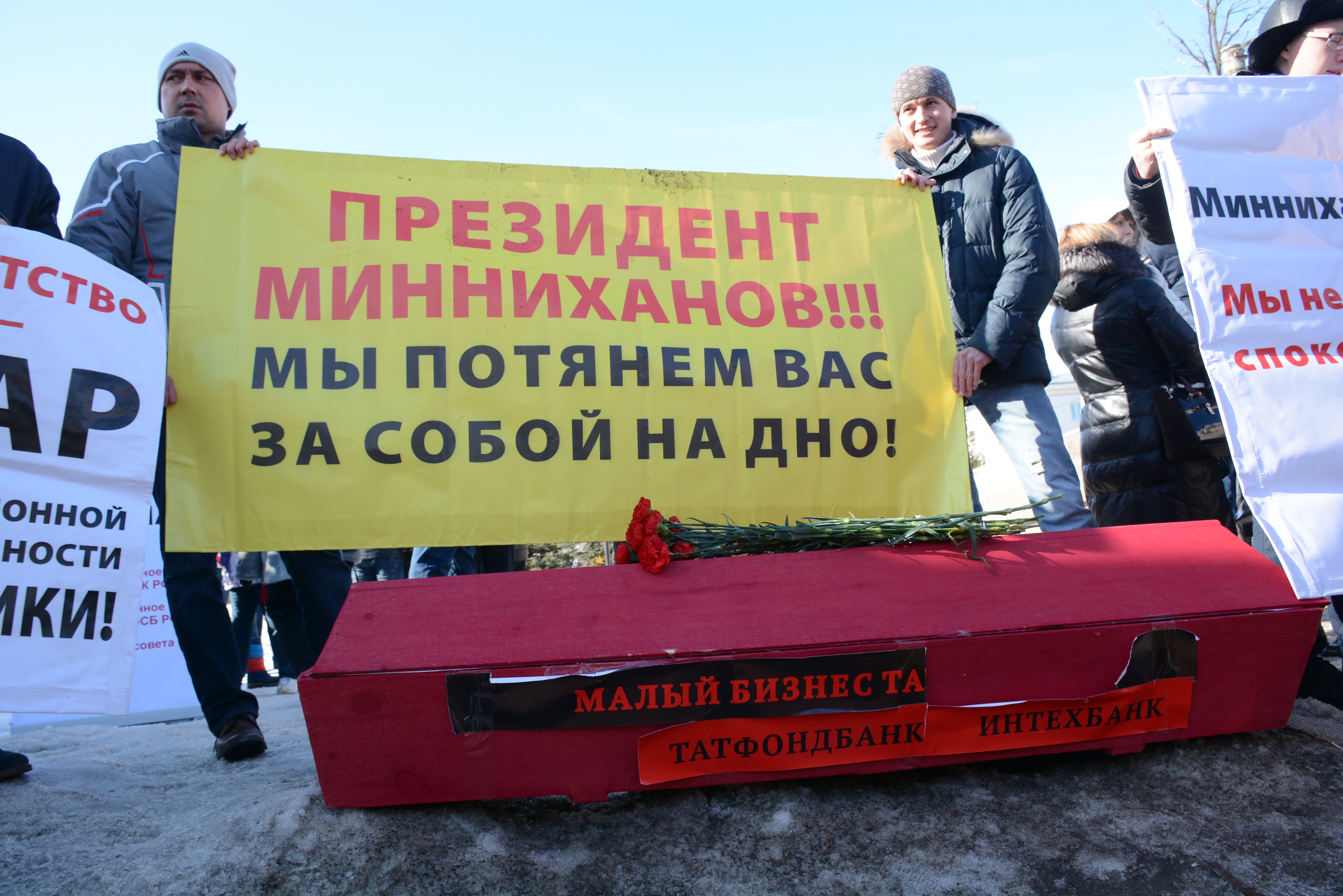 3 марта Банк России объявил об отзыве лицензий у Татфондбанка и Интехбанка. С этого времени в Казани не утихают волнения вкладчиков. В апреле Арбитражный суд Татарстана признал банкротами Татфондбанк и Интехбанк.
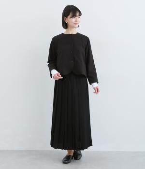 しなやかなハリがシルエットを美しくキープするポリエステル生地で仕立てました。さらりとした手ざわりでやさしい肌あたりです。きちんと感と着心地の良さを両立した素材感です。
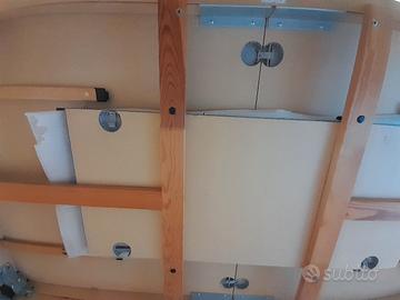 Tavolo chiuso 95x175, allungabile a 218 o 260 cm. Panca coordinata 36x158 cm. Il tavolo nella parte superiore è in perfette condizioni, la base delle gambe è un po sciupata. Smontaggio e trasporto a carico dell'acquirente.

------------------------------------

**EXERCISE**
What you return should be the whole listing, word for word, without its pictures.

**RESULT FOR THIS TASK**
 3 марта Банк России объявил об отзыве лицензий у Татфондбанка и Интехбанка. С этого времени в Казани не утихают волнения вкладчиков. В апреле Арбитражный суд Татарстана признал банкротами Татфондбанк и Интехбанк.
 しなやかなハリがシルエットを美しくキープするポリエステル生地で仕立てました。さらりとした手ざわりでやさしい肌あたりです。きちんと感と着心地の良さを両立した素材感です。
 Tavolo chiuso 95x175, allungabile a 218 o 260 cm. Panca coordinata 36x158 cm. Il tavolo nella parte superiore è in perfette condizioni, la base delle gambe è un po sciupata. Smontaggio e trasporto a carico dell'acquirente.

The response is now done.